- _Task statement_: In the listing that follows, retype every line from the first through the one containing "Large Old Map". Pictures are to be left out.
------------------------------------------------------------------------
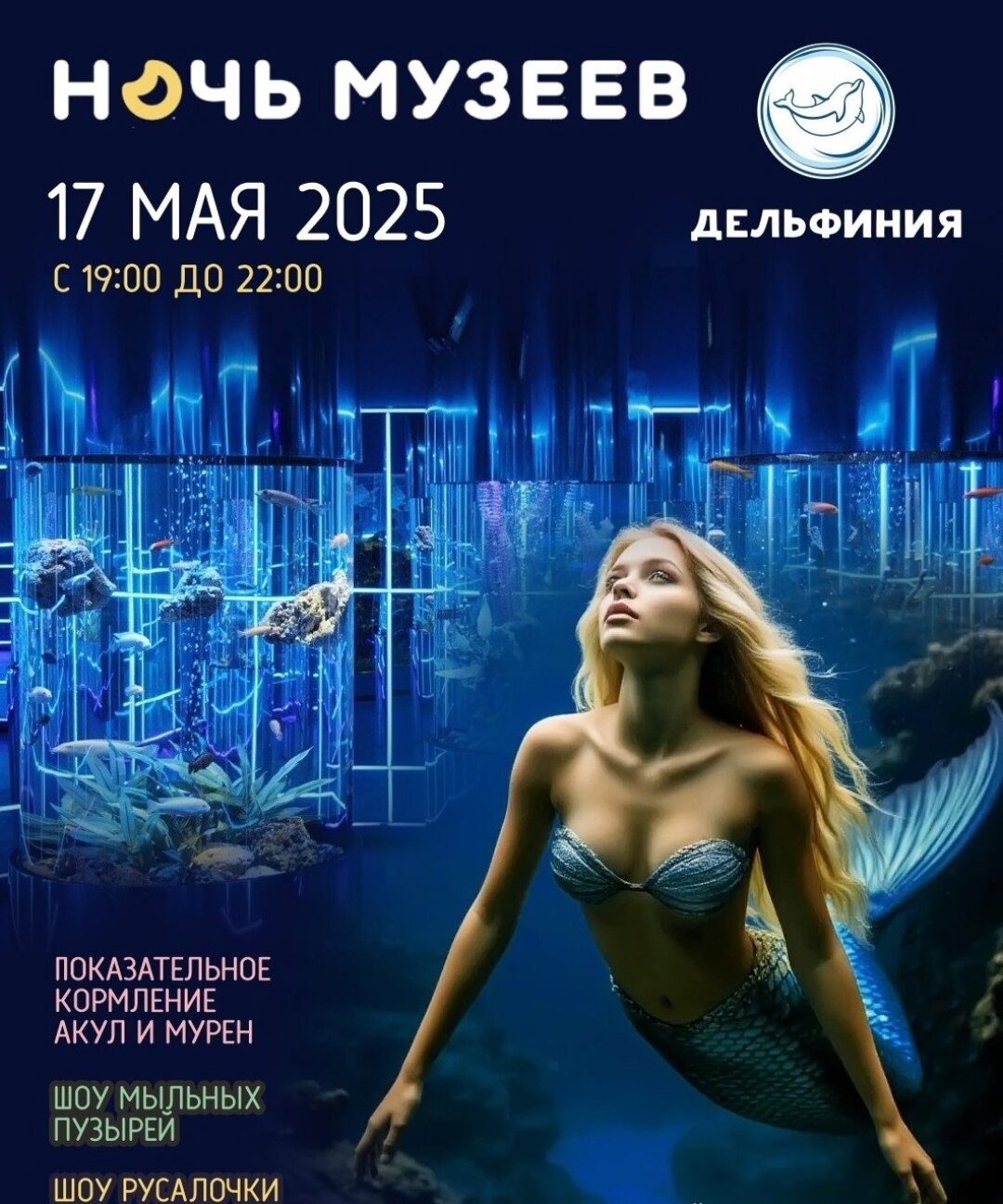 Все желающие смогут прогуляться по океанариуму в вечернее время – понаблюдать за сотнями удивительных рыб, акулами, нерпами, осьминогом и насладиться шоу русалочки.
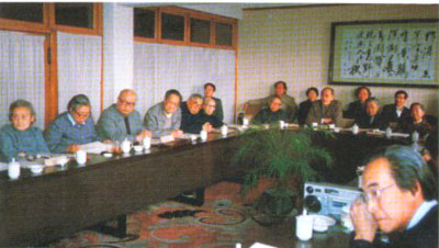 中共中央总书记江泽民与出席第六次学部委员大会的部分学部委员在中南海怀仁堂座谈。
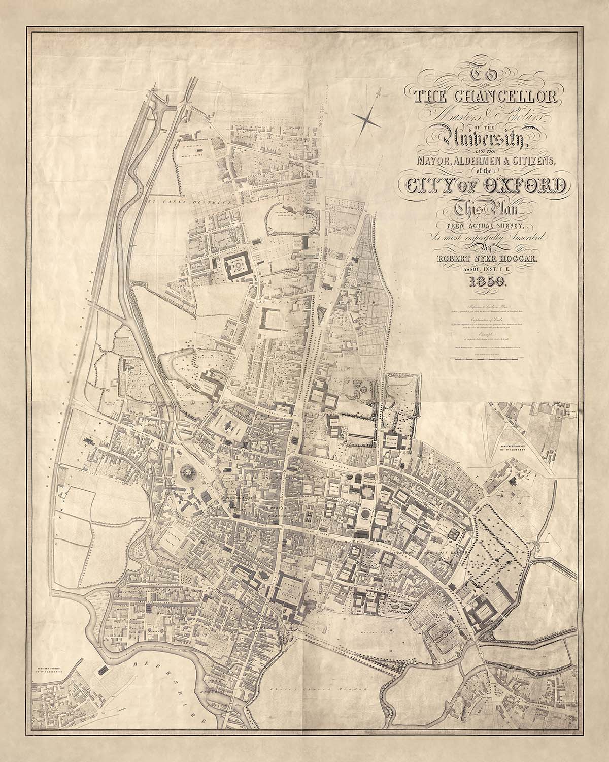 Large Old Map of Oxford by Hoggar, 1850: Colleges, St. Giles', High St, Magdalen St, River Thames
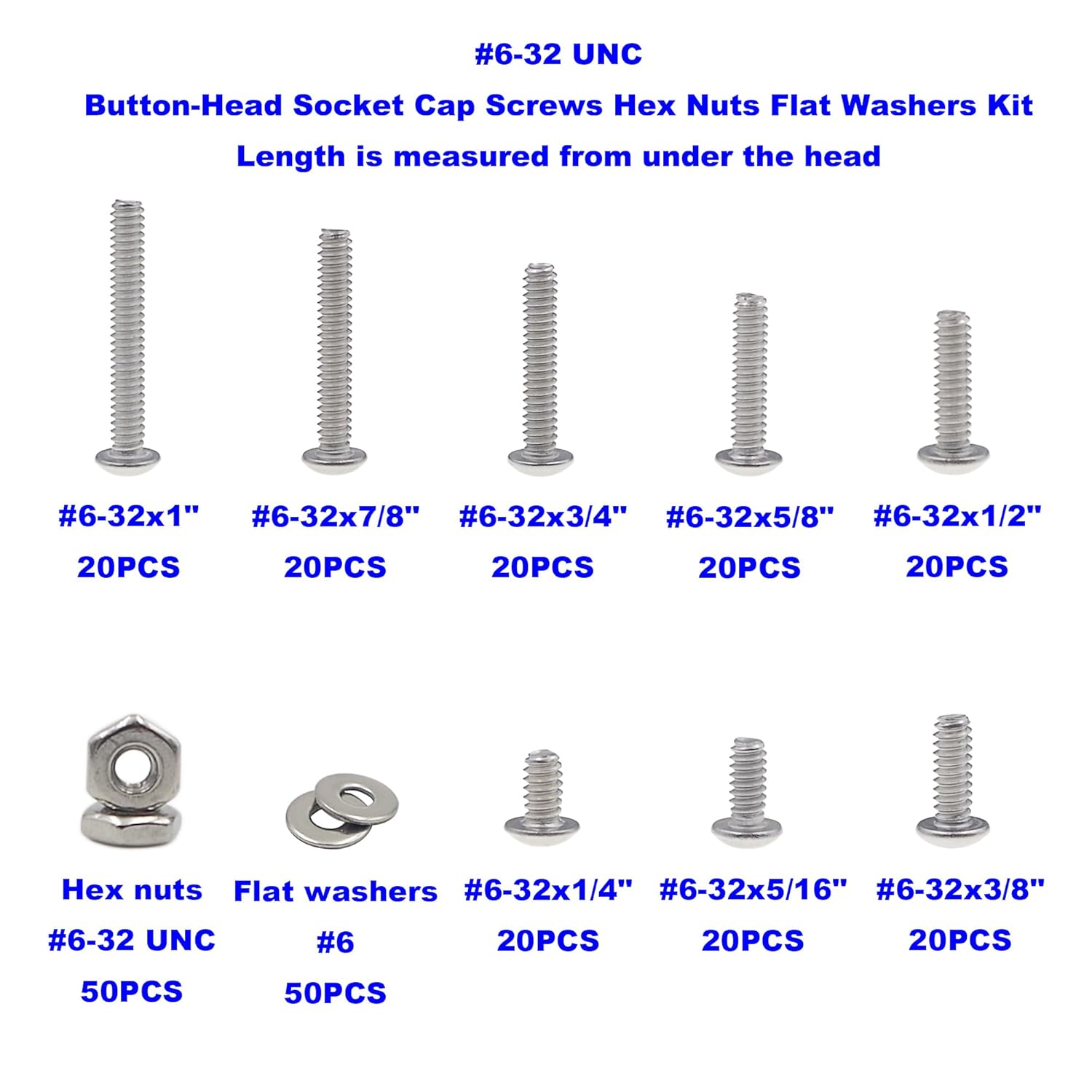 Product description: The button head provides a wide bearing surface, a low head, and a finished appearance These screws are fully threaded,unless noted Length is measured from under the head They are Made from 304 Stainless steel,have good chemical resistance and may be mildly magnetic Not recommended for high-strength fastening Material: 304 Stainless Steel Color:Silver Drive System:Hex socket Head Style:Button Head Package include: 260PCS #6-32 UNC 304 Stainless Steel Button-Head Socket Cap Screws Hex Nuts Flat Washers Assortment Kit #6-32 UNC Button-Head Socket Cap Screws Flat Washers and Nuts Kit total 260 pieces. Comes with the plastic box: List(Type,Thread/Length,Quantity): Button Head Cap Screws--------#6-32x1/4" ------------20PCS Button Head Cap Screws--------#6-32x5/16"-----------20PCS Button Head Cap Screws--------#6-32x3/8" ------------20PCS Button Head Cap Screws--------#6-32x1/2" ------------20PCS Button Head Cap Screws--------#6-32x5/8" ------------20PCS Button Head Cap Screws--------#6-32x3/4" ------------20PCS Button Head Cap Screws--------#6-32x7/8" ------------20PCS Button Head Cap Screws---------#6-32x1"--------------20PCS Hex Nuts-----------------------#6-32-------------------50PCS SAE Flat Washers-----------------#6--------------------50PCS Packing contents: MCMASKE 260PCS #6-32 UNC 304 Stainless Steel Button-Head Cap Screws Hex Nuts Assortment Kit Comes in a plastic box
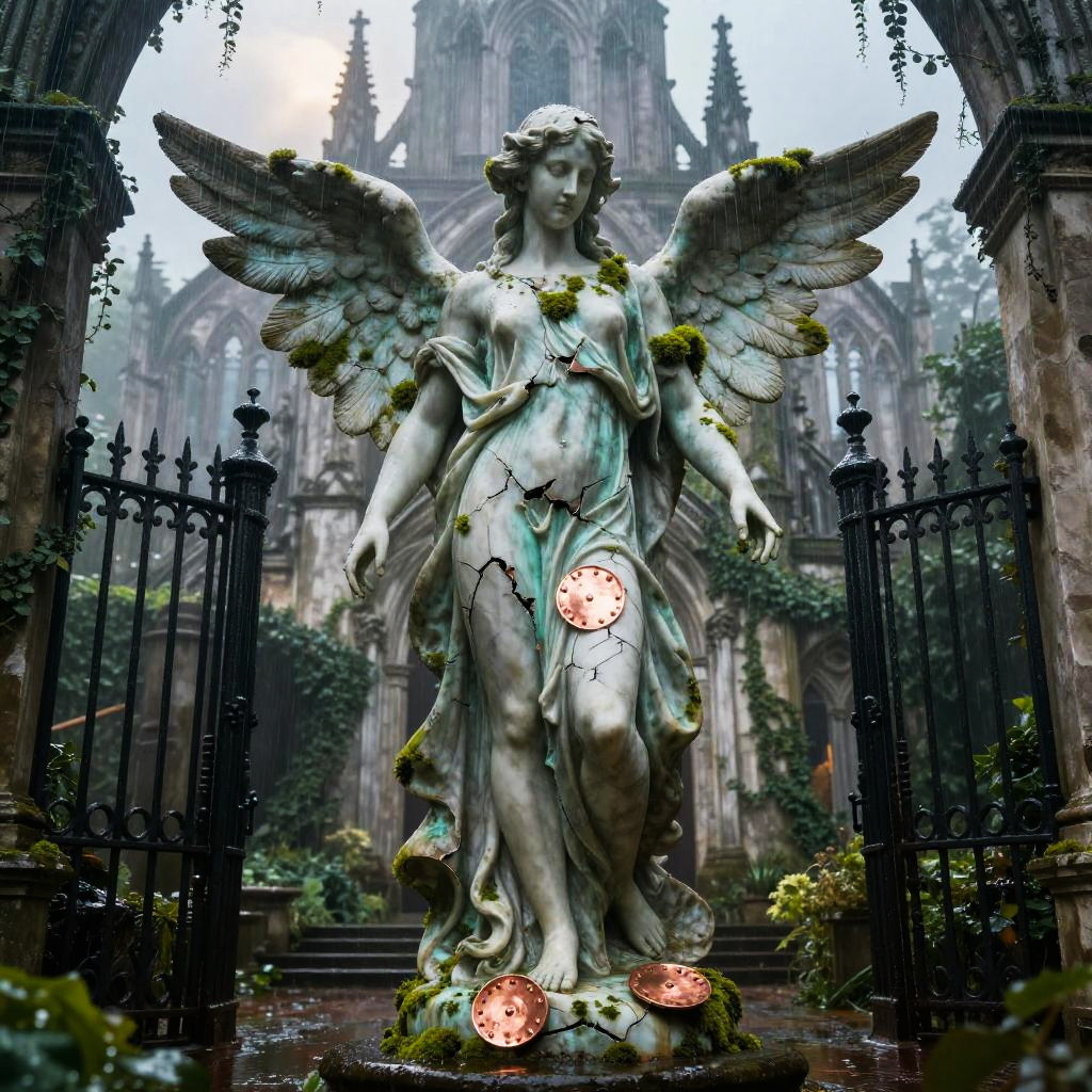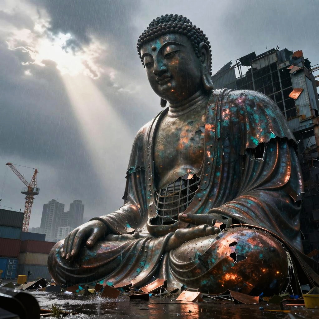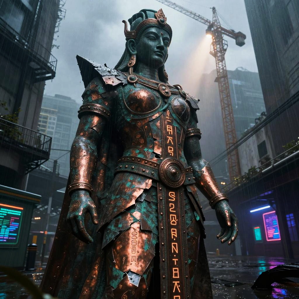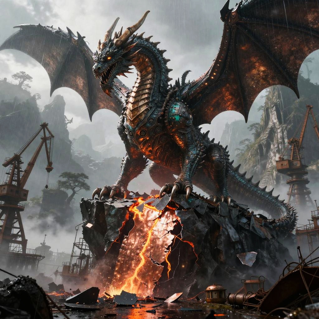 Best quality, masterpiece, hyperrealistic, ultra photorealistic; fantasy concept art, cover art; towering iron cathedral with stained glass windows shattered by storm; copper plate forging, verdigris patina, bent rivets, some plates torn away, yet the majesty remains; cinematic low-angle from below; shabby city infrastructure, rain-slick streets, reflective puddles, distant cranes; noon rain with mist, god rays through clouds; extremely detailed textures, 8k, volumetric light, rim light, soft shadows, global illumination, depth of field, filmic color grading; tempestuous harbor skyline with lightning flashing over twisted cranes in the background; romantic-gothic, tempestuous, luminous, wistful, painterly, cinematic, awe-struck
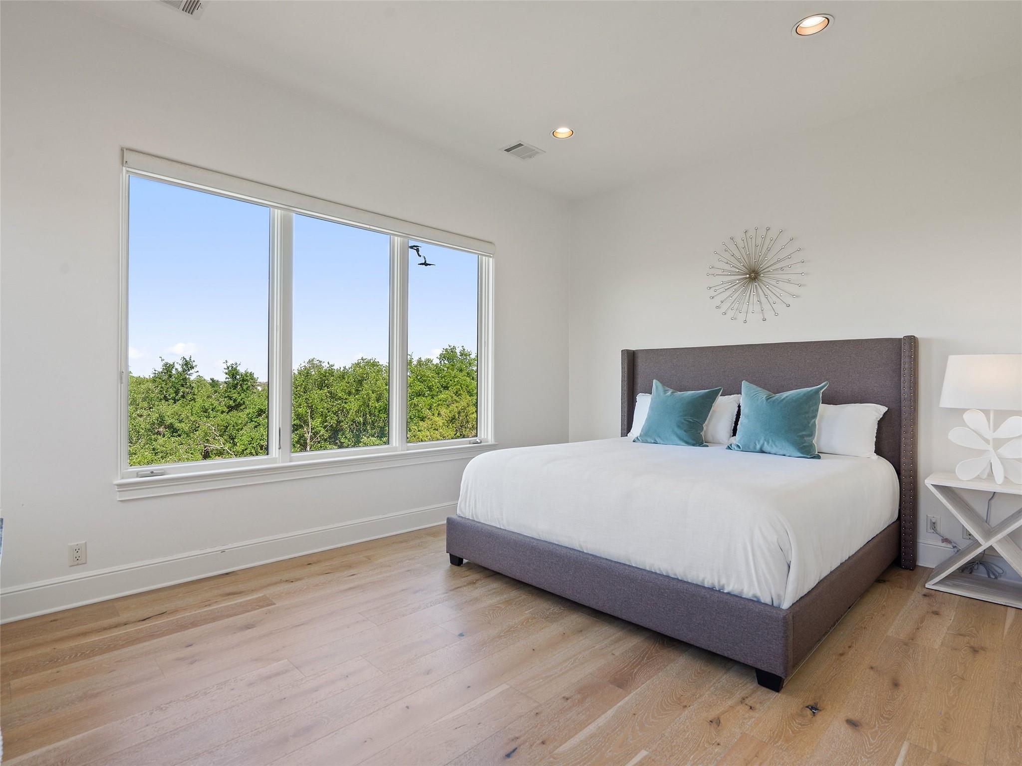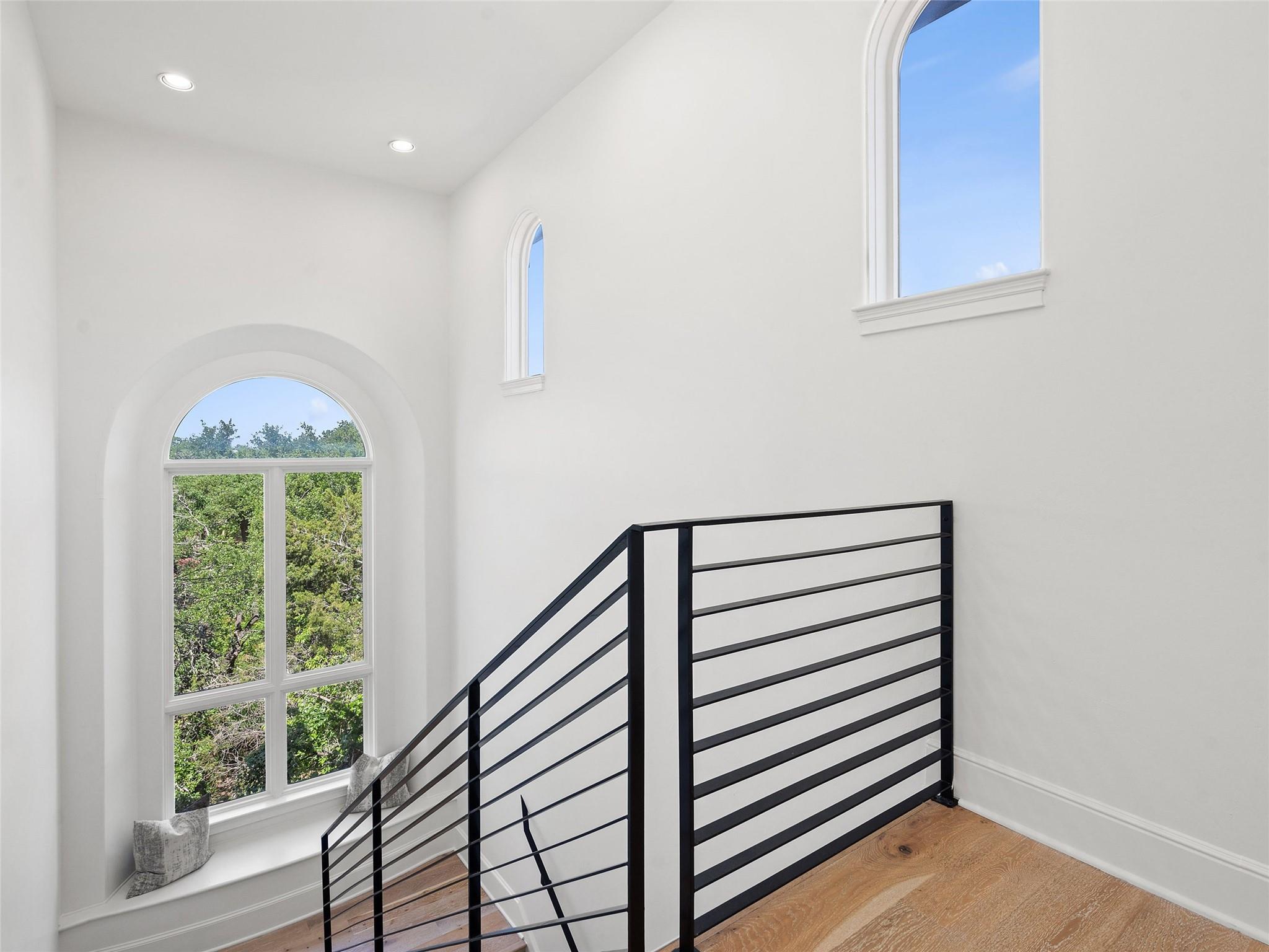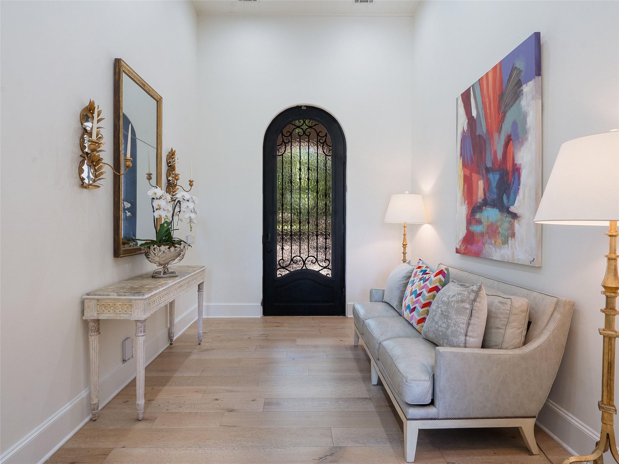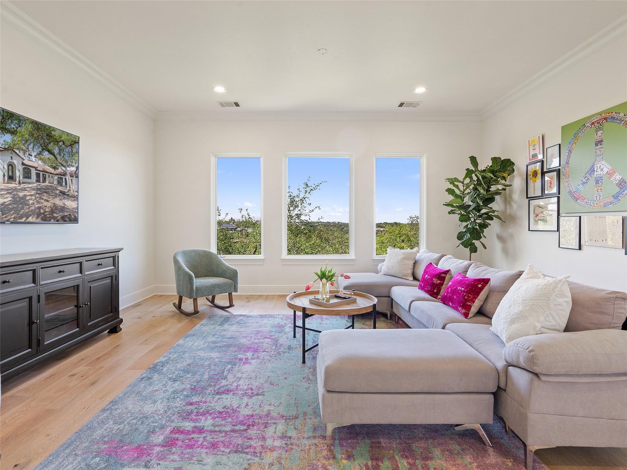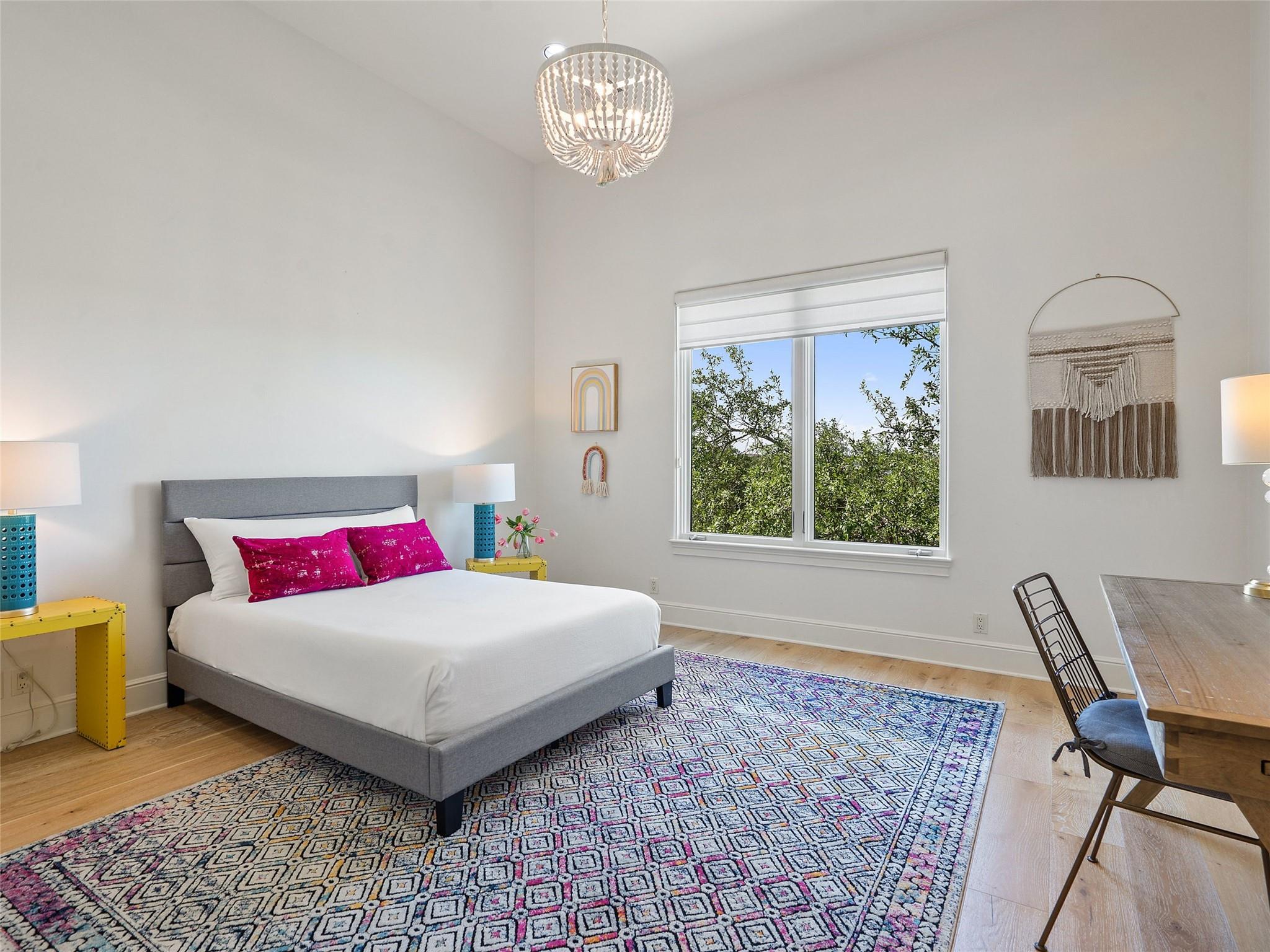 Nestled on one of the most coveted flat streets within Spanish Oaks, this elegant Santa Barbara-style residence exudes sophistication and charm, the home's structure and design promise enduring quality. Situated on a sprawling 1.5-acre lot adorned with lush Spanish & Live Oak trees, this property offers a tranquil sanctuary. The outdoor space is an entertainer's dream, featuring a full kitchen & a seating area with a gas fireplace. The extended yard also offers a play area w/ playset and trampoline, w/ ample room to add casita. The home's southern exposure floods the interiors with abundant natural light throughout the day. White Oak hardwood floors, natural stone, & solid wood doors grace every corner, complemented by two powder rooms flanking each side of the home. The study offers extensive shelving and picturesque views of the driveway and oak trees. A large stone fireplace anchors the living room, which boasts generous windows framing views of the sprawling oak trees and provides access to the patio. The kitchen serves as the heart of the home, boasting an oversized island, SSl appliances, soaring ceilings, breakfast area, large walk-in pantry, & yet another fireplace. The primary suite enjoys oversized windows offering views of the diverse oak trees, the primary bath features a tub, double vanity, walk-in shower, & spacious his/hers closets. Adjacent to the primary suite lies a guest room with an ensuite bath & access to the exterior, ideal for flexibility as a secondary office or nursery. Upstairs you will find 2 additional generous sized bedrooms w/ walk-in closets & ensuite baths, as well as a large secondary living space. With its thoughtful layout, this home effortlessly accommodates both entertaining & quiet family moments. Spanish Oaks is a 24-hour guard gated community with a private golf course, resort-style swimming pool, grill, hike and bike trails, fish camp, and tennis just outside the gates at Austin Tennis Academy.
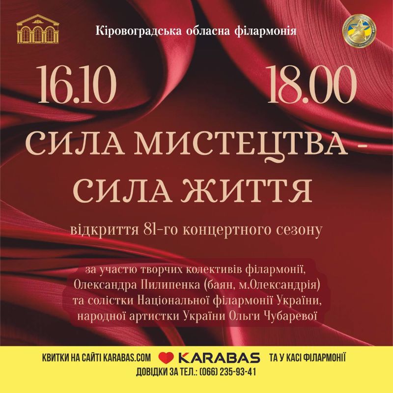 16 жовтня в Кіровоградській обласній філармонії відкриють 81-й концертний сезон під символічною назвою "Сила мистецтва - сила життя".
------------------------------------------------------------------------
- _Response to the task_:
 Все желающие смогут прогуляться по океанариуму в вечернее время – понаблюдать за сотнями удивительных рыб, акулами, нерпами, осьминогом и насладиться шоу русалочки.
 中共中央总书记江泽民与出席第六次学部委员大会的部分学部委员在中南海怀仁堂座谈。
 Large Old Map of Oxford by Hoggar, 1850: Colleges, St. Giles', High St, Magdalen St, River Thames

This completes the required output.